Toepassing en implementatie
2 2.1
Aan de slag
2
Toepassing en implementatie
2.1
Aan de slag
2.2
Koeling
De CDL12 kan worden geconfigureerd als een individuele puntbronluidspreker of in een verticale array
met andere CDL12-luidsprekers en de CDL18s-subwoofer. Geïntegreerde rigging maakt een eenvoudige en
veilige box-to-box-implementatie mogelijk. Bij het ophangen van twee of meer array-luidsprekers uit de CDL-
serie heeft PreSonus het CDL Rigging Grid nodig. Met dit afzonderlijk verkochte ophangrooster kunnen maximaal
(6) CDL12-luidsprekers of maximaal (5) CDL12-luidsprekers met maximaal (2) CDL18s-subwoofers in een
verticale opstelling worden opgehangen. Zie het diagram in paragraaf 2.6 voor alle ondersteunde
configuraties .
Er kunnen maximaal twee CDL12-luidsprekers worden gebruikt op een statief of op een subpaal
boven de subwoofer van de CDL18 (zie sectie 2.7 voor beperkingen en richtlijnen).
De CDL12 is uitgerust met een paalmontage met twee standen voor een flexibelere
dekking bij paalmontage (0ÿ of 10ÿ naar beneden).
BELANGRIJK: Wanneer u luidsprekers aan elkaar bevestigt, bevestigt u in alle gevallen
de onderste eenheid aan de luidspreker er direct boven, waarbij u langs het rooster
naar de bovenste eenheid beweegt en eindigt met het CDL Rigging Grid.
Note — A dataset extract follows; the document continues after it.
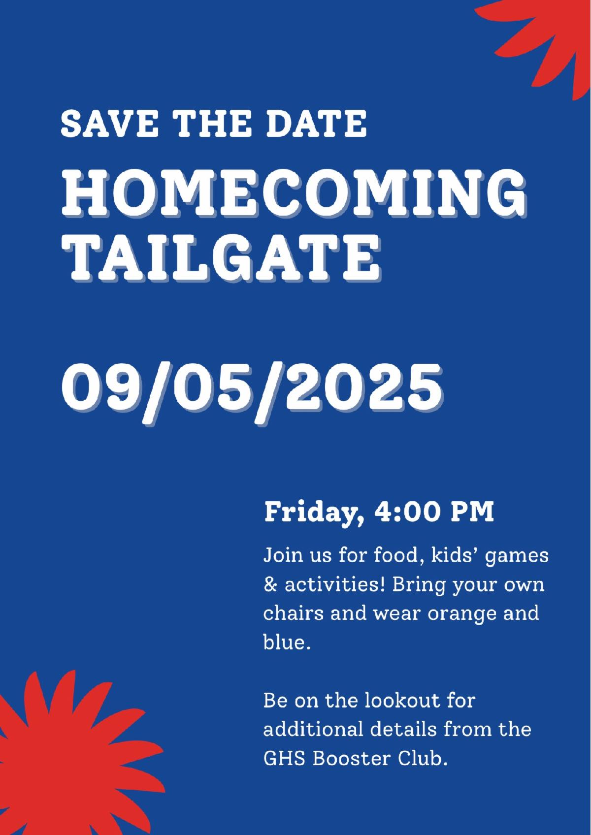 Sept 5 - Homecoming Tailgate 4PM & Football Game 7PM

WAARSCHUWING: De CDL12 weegt 65 lbs. (29,5kg). De CDL18s weegt 105 pond. (47,6 kg)
Gebruik de juiste tiltechnieken om ernstig letsel te voorkomen. Zie sectie 2.4 voor de maximale
hangende belasting.
WAARSCHUWING: Zorg er bij het monteren of demonteren van array-luidsprekers voor dat alle
componenten tijdens het hele proces goed worden ondersteund om schade of letsel te voorkomen.
WAARSCHUWING: Om zeker te zijn van een veilige vergrendeling, dient u te controleren of de
luidsprekers goed zijn uitgelijnd voor verticale opstelling van doos tot doos. Als de luidsprekers niet
goed zijn uitgelijnd, kan er fysieke schade en persoonlijk letsel optreden. De bovenkant van elke luidspreker
moet evenwijdig zijn aan de onderkant van het apparaat erboven. Voor ophanging moet de bovenste
eenheid stevig aan het CDL Rigging Grid worden bevestigd.
Voordat u begint, volgen hier enkele algemene vuistregels:
• Zorg er altijd voor dat uw luidsprekers zijn uitgeschakeld wanneer u aansluitingen maakt. • Zorg ervoor dat uw
invoer niet clipt. Bekijk de Clip-LED aan de achterkant van uw luidspreker. Wanneer deze LED gaat
branden, geeft dit aan dat de analoog-naar-digitaal-converters het gevaar lopen overstuurd
te worden. Het oversturen van de converters veroorzaakt digitale vervorming, wat
verschrikkelijk klinkt.
Uw PA en aangesloten apparatuur moeten in de volgende volgorde worden ingeschakeld:
1. Geluidsbronnen (keyboards, DI-boxen, etc.) aangesloten op uw mixer
2. Menger
3. Luidsprekers uit de CDL-serie
Wanneer het tijd is om uit te schakelen, moet uw systeem in de omgekeerde volgorde worden uitgeschakeld.
Luidsprekers uit de CDL-serie worden intern gevoed. Als zodanig gebruiken ze een
eindversterker die warmte produceert. Zorg voor een vrije ruimte van minimaal 152,4
mm aan de achterkant van de behuizing voor koeling.
Beperk de luchtstroom naar de achterkant van de luidsprekerbehuizing niet.
LET OP: Om oververhitting te voorkomen, mag u geen behuizingen installeren waarbij de
versterkerpanelen zijn blootgesteld aan direct zonlicht. Dit kan de versterkermodule verwarmen en verminderen
prestatie. Installeer parasols om directe blootstelling te voorkomen. De maximale omgevingstemperatuur
voor volledige prestaties mag niet hoger zijn dan 40ÿ C (104ÿ F).
LET OP: Installeer behuizingen niet op plaatsen waar deze worden blootgesteld aan regen of ander
vocht. Luidsprekers uit de CDL-serie zijn niet weerbestendig. Bij installaties buitenshuis moet
bescherming tegen de elementen worden geboden.